The factors that helped fuel the nearly $62 million profit the company reported in third quarter 2013 have continued to hold, which means the 4,623-store chain has put itself on track for strong future growth, which will no doubt be helped along by the debt refinancing the company finished in February.
Wall Street certainly thinks so: Rite Aid's stock, which in recent years had frequently hovered around $1 per share and sank to 22 cents per share on March 6, 2009, opened at $1.98 Thursday and reached a high of $2.33 Friday.
But there's something deeper going on than just generic drugs or competitors having problems: Rite Aid's foundations are getting stronger too. This is evident from the company's investments in its business, such as the latest update to the Wellness store format, which will be used as the template for "virtually all" of the 400 remodels scheduled for fiscal year 2014, and the expansion of the NowClinic "virtual clinic" service to 58 stores.

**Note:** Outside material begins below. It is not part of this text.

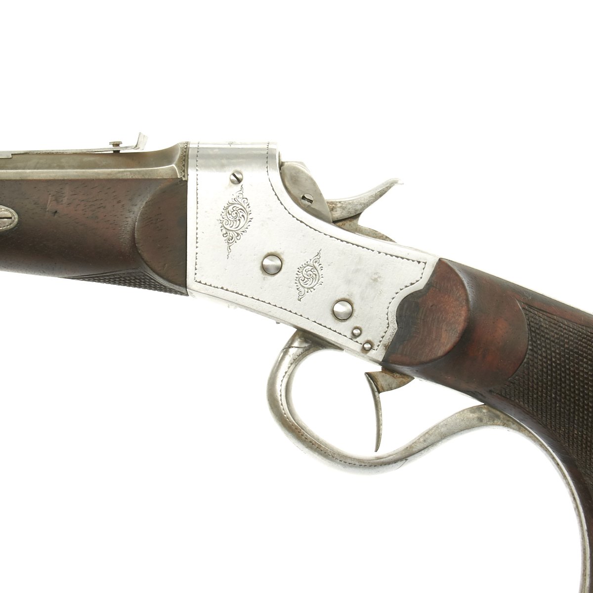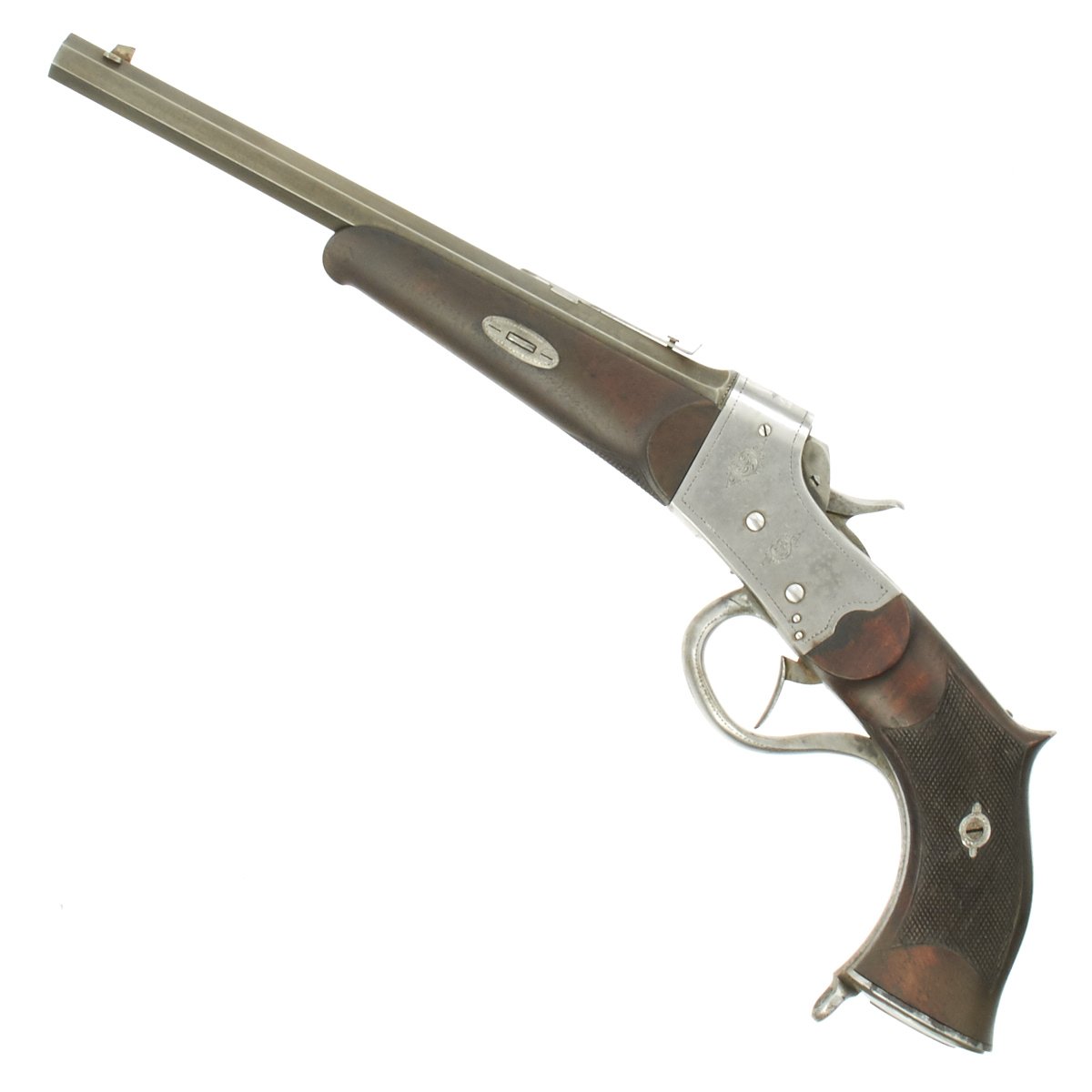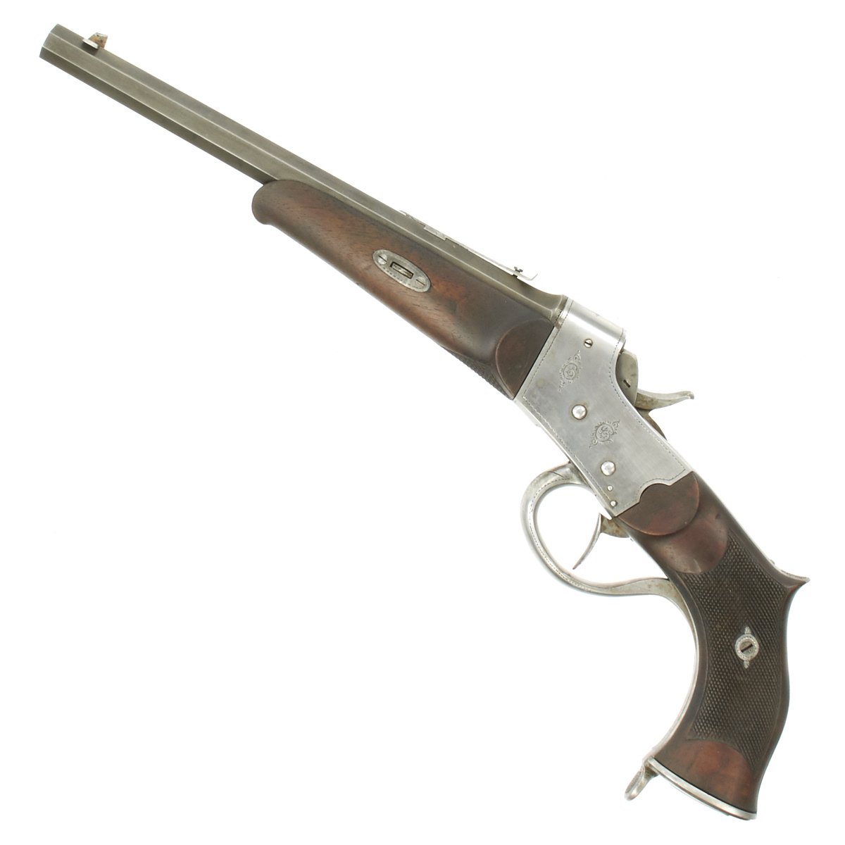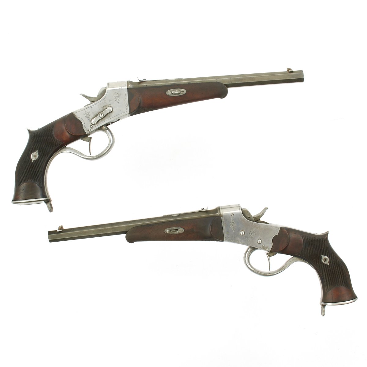 Original Items: Only One Set Available. Adopted by the U.S. Army in 1871 in .50 caliber this system was based on Remington's Patent of 1866. Of course, Remington Rolling Block rifles are very plentiful, however single shot Remington Rolling block pistols are extremely hard to come by. Here we have a Fabulous pair of very high quality civilian pistols, made in Europe and fully cased in the continental style with multiple accessories.

Key to Rite Aid's success has been the Wellness+ loyalty card program. During the Walgreens-ESI dispute, the chain worked hard to sign Walgreens customers who moved their prescriptions to Rite Aid up for the program, which today boasts nearly 25.2 million active members.
In addition, the company has seen good returns on its investment in the Wellness stores, whose front-end same-store sales are 3% higher than those in the non-Wellness stores; the company had already observed the stores' comps trending higher than those of the older stores early on in the program, as well as seeing stronger performance in those Wellness stores already staffed with Wellness Ambassadors.
With Rite Aid's executives telling Wall Street analysts Thursday that they expected to retain most of the customers gained from the Walgreens-ESI dispute, it's clear that the company is building itself some serious customer loyalty, something that has been crucial to its triumphs and will continue to be in the future.